The UK and EU are locked into emission trading schemes that do not support citizens as fuel prices rise. Citizens’ Climate Lobby and Citizens’ Climate International are promoting the carbon fee and income redistribution model, but it’s an uphill battle. The government could support us better by implementing examples that have been shown to work in other countries.

CCL UK Co-Founder Judy Hindley responded to articles on the Climate Inequality report (CCL discussion here) and middle class habits which advocated further taxation of those best able to pay but without the incentives to decarbonise that Climate Income offers.

Judy wrote:

Re your special series, The great carbon divide, on inequality and the climate last week and the article by Damian Carrington (Restaurants, pets and holidays: how UK’s well-off have outsize carbon footprints, 20 November), the immense cost of climate change to those least responsible is one of the most appalling developments we now confront.

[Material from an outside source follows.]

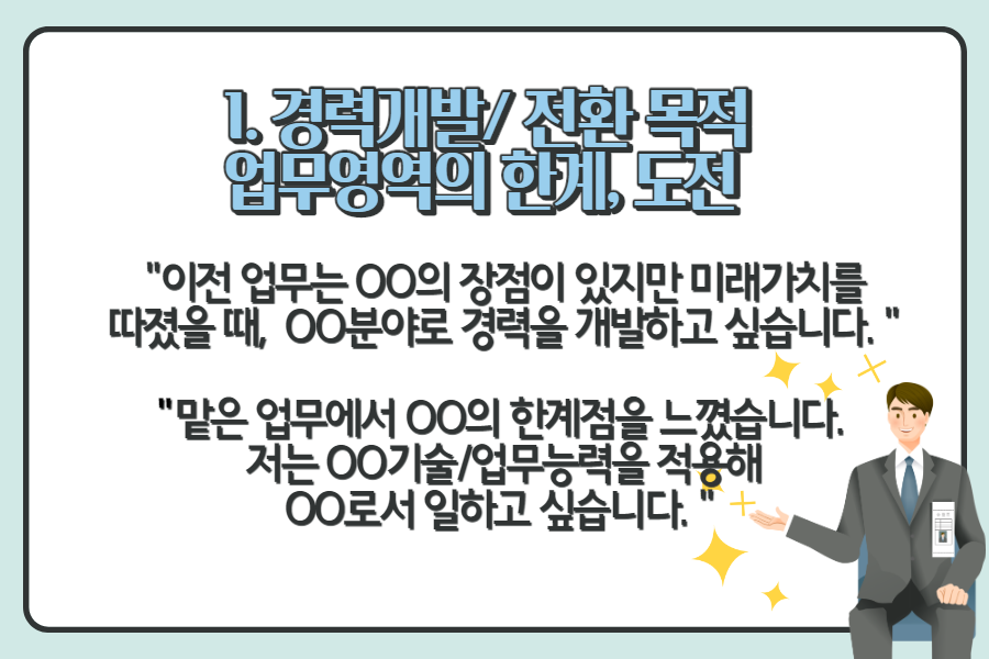 1. 경력개발/ 전환의 목적 : 업무영역의 한계, 타 직종의 도전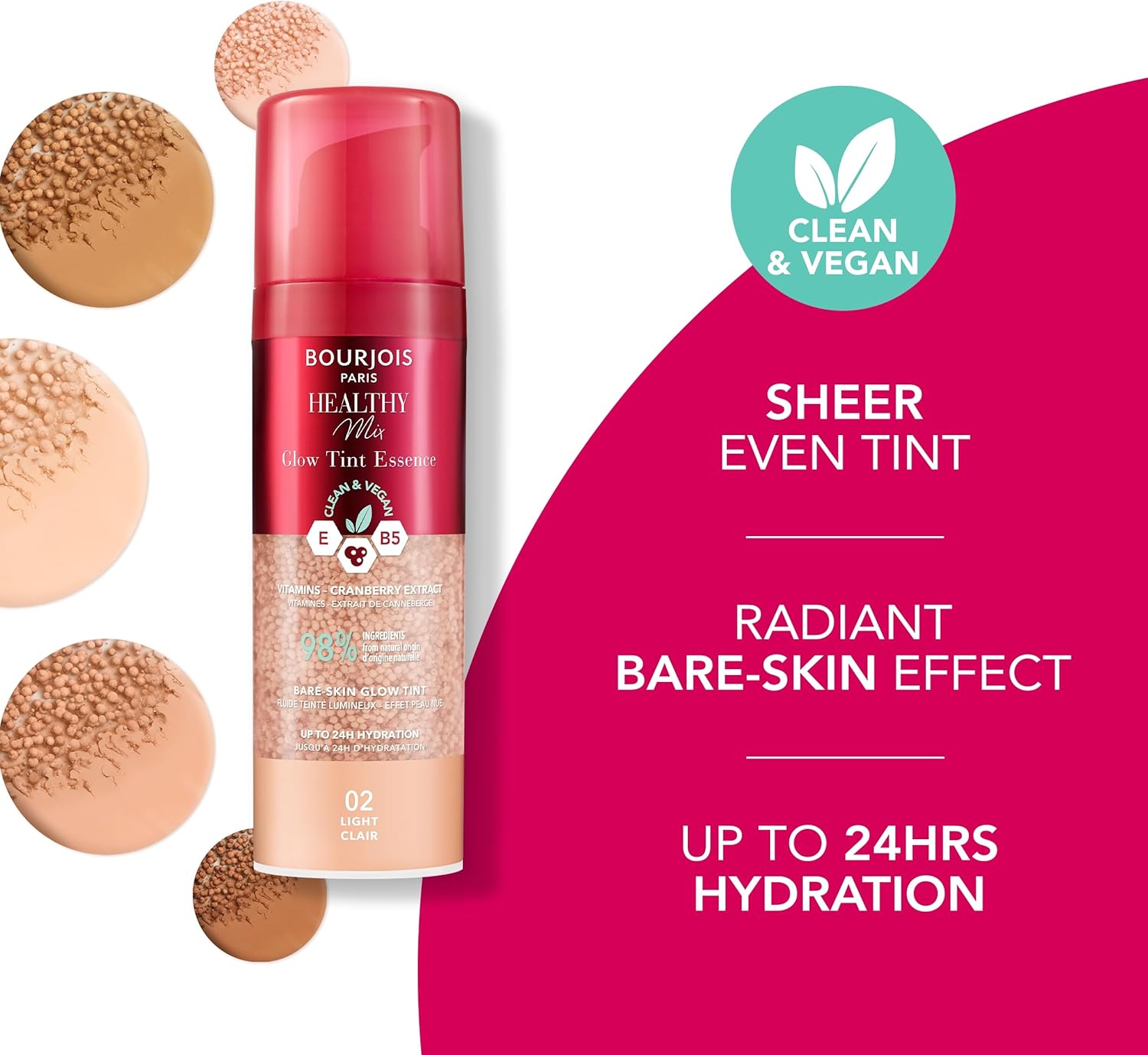 احصلي على إشراقة البشرة الطبيعية مع بورجوا هيلثي ميكس جلو تينت ايسنس، وتمتعي بتأثير فلتر شفاف ومشرق.

Yet, there is an answer. It’s nearly 10 years since Jonathan Porritt, in his book The World We Made, first called for the kind of carbon tax (now known more generally as climate income) that’s been implemented in four provinces of Canada.*It’s basically a predictably rising price on all fossil fuels, with the funds rebated to citizens.

The policy is redistributive, costs the government nothing and, unlike a one-off windfall tax, holds the promise of gradually pricing fossil fuels entirely out of the market. Meanwhile, it rewards alternative energy use and gives incentives to every kind of “green” innovation, initiative or behaviour.

Studies show that this policy on its own could be a giant step to net zero, cutting pollution and climate costs, and paid for by fossil fuel companies themselves.

It is great to see our members disproving the assumption that carbon pricing means robbing the poor to pay the rich!